### WHAT THIS TASK INVOLVES
What is needed is an exact reproduction of the lines from the one that contains "Mit seiner cleveren" through the end of the data, both included and nothing else, with pictures omitted.

___ PROVIDED INFORMATION ___

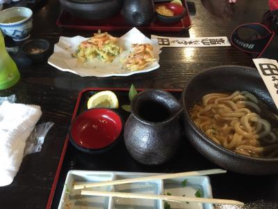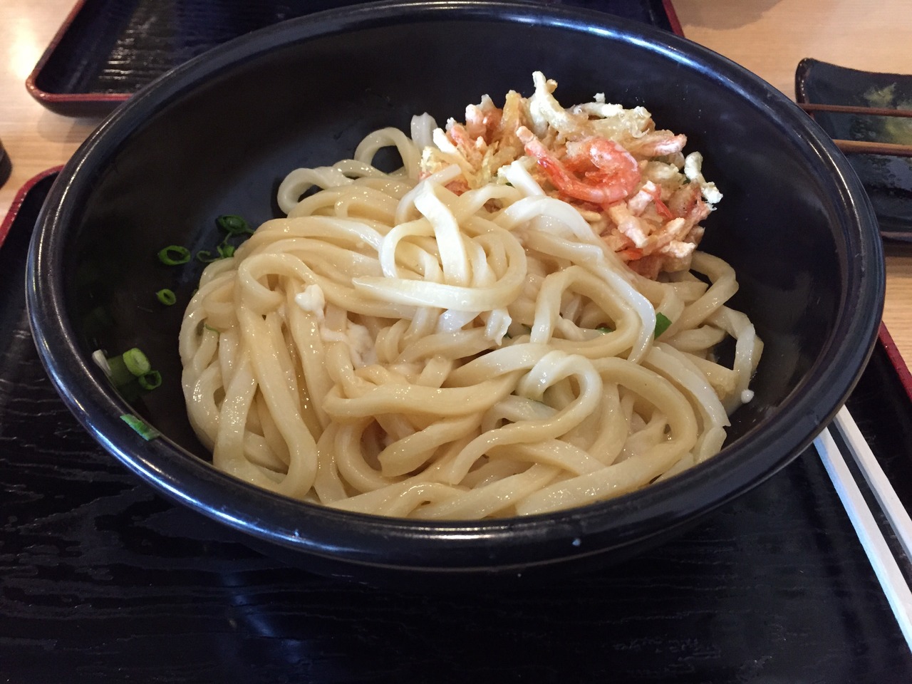 テレビで紹介されたところということで、行列ができ、待たされるのでは?と、心配は杞憂。10:30とちょっと早かったせいか、客もまばら。ぶっかけに海老かき揚げをトッピングにしてみた。もちろんぶっかけは暖かい麺。気候が良かったので半屋外で頂けました。
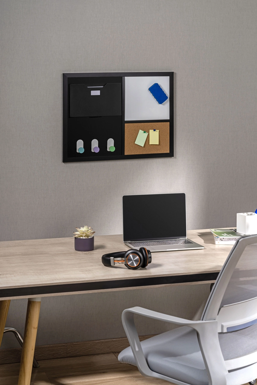 Mit seiner cleveren Kombination aus Trockenlösch-, Kork- und Ablagefunktionen wird dieses Whiteboard zu einem umfassenden Organisationsmittel. Auf der trocken abwischbaren Oberfläche können Sie Ideen auf einen Blick notieren und ausradieren, während Sie auf der Korkfläche Notizen, Karten und wichtige Dokumente anheften können, was die Effizienz Ihrer täglichen Arbeit weiter steigert. Dank des praktischen Stauraums auf dem Whiteboard haben Sie außerdem das nötige Zubehör immer griffbereit, was sich in einem straffen Tagesablauf niederschlägt. Auf diese Weise erfüllt ein einziges Whiteboard drei wichtige Funktionen und schafft einen organisierten und inspirierenden Arbeits- oder Lernort.
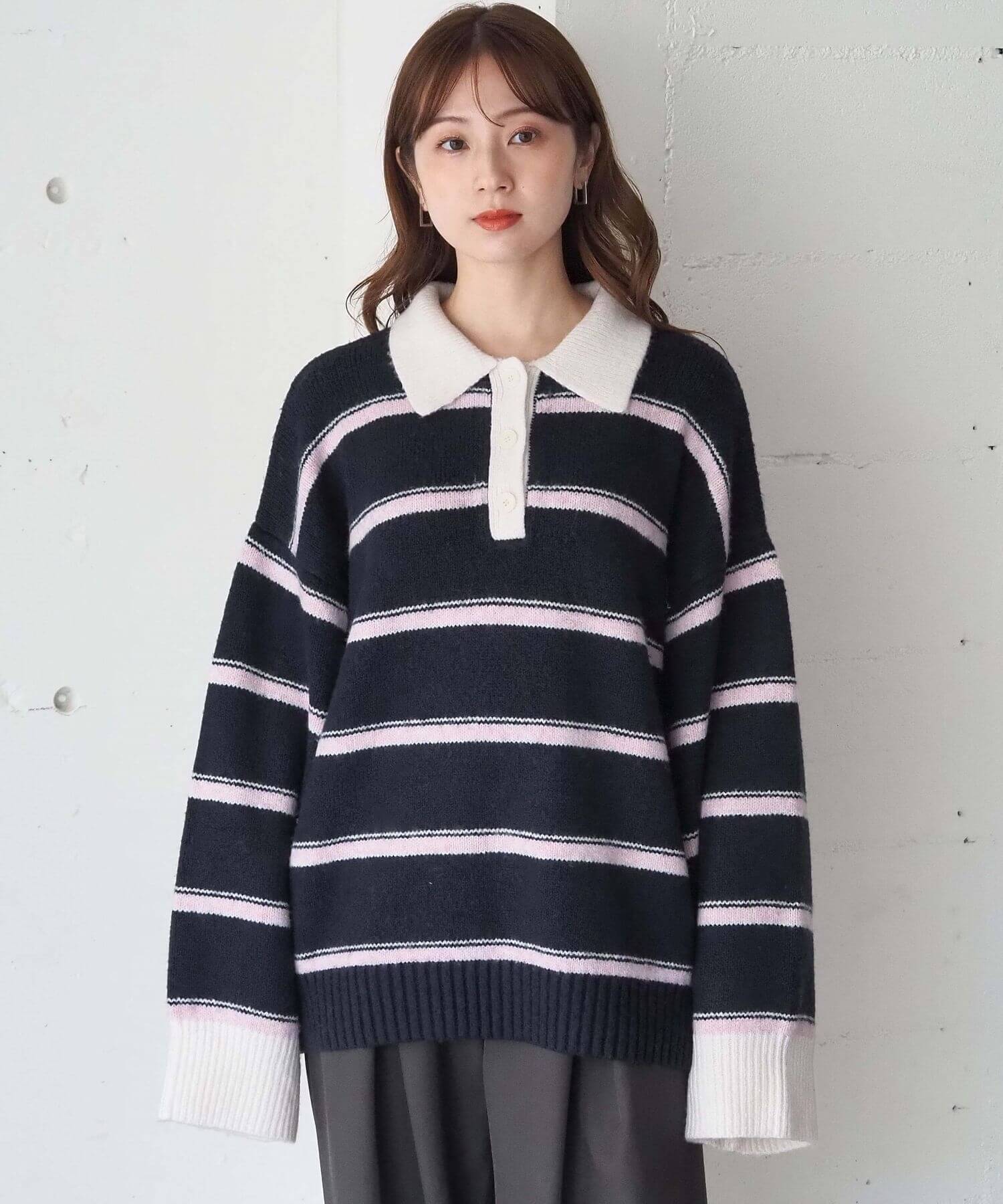 ・スポーティーなラガーシャツデザインに、やや起毛感のあるもちもちニットで女性らしさをプラスし、上品に着られる1着に仕上げました。
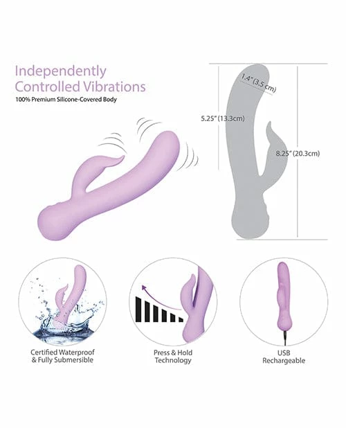 Choose between the two independently controlled motors for either clitoral and/or G-spot stimulation. The external stimulator features a curvy hood that gently encloses on the clitoris for unparalleled targeted pleasure. While the external motor works its magic, the internal G-Spot massager is slightly curved for optimal stimulation.
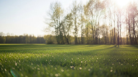 Lush green grass with sparkling dew drops is captured in soft sunlight, creating a serene and natural meadow scene.
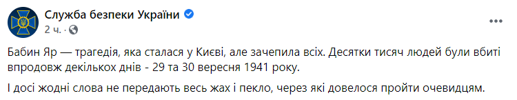 "Сегодня Украина чтит память жертв трагедии Бабьего Яра. Масштабы этого бедствия стали болью не только для Украины, но и для всего мира. Только потому, что кто-то считал себя вправе отнимать жизнь, погибли десятки, сотни тысяч людей. Сколько бы лет ни прошло, мы всегда должны помнить эти страшные страницы истории и делать все от нас зависящее, чтобы такого больше никогда не повторилось ни на территории Украины, ни в любой другой стране мира.
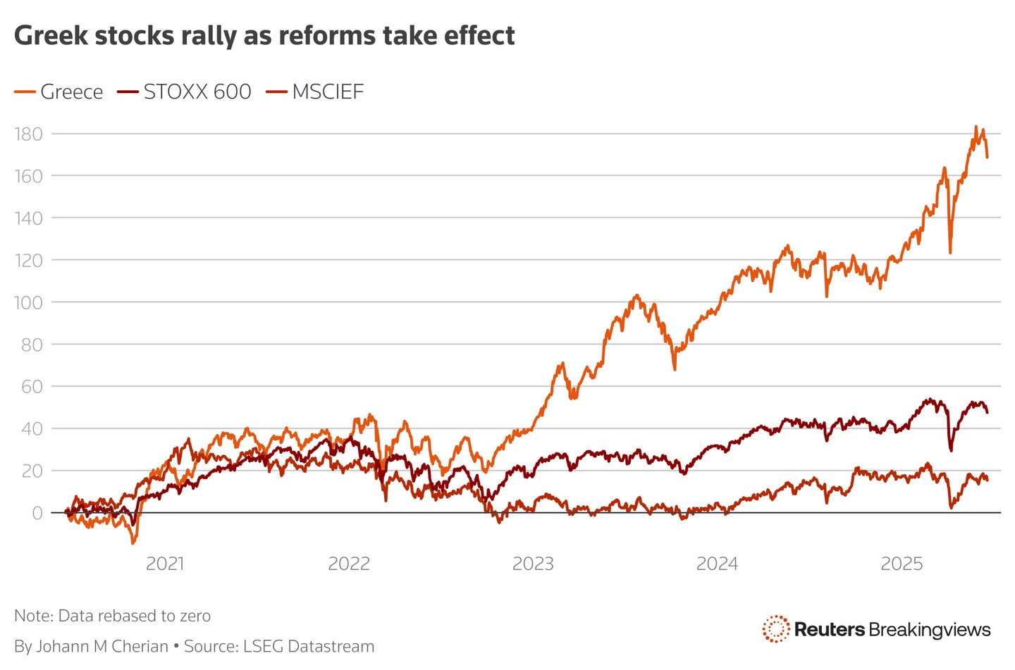 自 2021 年以來,雅典股票(.ATG)上漲超過 100%,並且在今年迄今為止表現優於歐洲的 STOXX 600(.STOXX)和更廣泛的 MSCI 新興市場股票指數(.MSCIEF)。

___

### OUTPUT OF THE EXERCISE
 Mit seiner cleveren Kombination aus Trockenlösch-, Kork- und Ablagefunktionen wird dieses Whiteboard zu einem umfassenden Organisationsmittel. Auf der trocken abwischbaren Oberfläche können Sie Ideen auf einen Blick notieren und ausradieren, während Sie auf der Korkfläche Notizen, Karten und wichtige Dokumente anheften können, was die Effizienz Ihrer täglichen Arbeit weiter steigert. Dank des praktischen Stauraums auf dem Whiteboard haben Sie außerdem das nötige Zubehör immer griffbereit, was sich in einem straffen Tagesablauf niederschlägt. Auf diese Weise erfüllt ein einziges Whiteboard drei wichtige Funktionen und schafft einen organisierten und inspirierenden Arbeits- oder Lernort.
 ・スポーティーなラガーシャツデザインに、やや起毛感のあるもちもちニットで女性らしさをプラスし、上品に着られる1着に仕上げました。
 Choose between the two independently controlled motors for either clitoral and/or G-spot stimulation. The external stimulator features a curvy hood that gently encloses on the clitoris for unparalleled targeted pleasure. While the external motor works its magic, the internal G-Spot massager is slightly curved for optimal stimulation.
 Lush green grass with sparkling dew drops is captured in soft sunlight, creating a serene and natural meadow scene.
 "Сегодня Украина чтит память жертв трагедии Бабьего Яра. Масштабы этого бедствия стали болью не только для Украины, но и для всего мира. Только потому, что кто-то считал себя вправе отнимать жизнь, погибли десятки, сотни тысяч людей. Сколько бы лет ни прошло, мы всегда должны помнить эти страшные страницы истории и делать все от нас зависящее, чтобы такого больше никогда не повторилось ни на территории Украины, ни в любой другой стране мира.
 自 2021 年以來,雅典股票(.ATG)上漲超過 100%,並且在今年迄今為止表現優於歐洲的 STOXX 600(.STOXX)和更廣泛的 MSCI 新興市場股票指數(.MSCIEF)。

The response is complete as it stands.